Problem statement:
Would you please report how many lines of the listing contain "retreat"? Reply with that number only.

Records to process:
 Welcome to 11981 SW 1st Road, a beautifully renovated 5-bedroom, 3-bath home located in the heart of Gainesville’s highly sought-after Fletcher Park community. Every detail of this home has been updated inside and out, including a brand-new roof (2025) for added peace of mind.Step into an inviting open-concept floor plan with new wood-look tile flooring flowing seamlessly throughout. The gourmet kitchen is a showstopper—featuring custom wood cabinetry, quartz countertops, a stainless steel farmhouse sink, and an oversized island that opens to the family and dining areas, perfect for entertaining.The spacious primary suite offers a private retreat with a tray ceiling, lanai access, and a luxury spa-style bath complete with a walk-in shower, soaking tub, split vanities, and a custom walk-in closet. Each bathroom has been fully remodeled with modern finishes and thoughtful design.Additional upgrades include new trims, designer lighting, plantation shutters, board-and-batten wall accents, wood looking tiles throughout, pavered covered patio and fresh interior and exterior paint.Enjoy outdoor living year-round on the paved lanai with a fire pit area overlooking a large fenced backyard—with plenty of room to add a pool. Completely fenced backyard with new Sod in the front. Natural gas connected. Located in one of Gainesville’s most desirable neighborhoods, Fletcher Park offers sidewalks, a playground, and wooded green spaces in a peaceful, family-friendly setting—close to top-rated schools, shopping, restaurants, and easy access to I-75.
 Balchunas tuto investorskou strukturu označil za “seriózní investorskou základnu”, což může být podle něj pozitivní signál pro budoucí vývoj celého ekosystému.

...

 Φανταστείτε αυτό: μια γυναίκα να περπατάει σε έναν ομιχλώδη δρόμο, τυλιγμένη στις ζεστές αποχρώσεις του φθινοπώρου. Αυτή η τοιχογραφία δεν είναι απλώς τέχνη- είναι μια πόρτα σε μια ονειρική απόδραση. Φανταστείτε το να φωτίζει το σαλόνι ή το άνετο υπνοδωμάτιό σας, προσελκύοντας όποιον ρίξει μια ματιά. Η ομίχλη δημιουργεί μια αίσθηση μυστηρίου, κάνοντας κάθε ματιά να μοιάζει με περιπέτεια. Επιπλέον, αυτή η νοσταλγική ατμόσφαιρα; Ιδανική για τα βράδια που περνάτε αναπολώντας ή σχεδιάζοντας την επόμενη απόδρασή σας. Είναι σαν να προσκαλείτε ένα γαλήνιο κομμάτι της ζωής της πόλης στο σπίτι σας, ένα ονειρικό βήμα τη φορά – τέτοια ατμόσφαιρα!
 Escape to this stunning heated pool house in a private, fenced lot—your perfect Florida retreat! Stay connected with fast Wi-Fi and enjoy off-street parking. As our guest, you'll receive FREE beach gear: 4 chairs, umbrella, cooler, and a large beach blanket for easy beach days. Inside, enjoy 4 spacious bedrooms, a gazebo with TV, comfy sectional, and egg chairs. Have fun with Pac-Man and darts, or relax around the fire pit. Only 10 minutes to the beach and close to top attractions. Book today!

Written solution:
2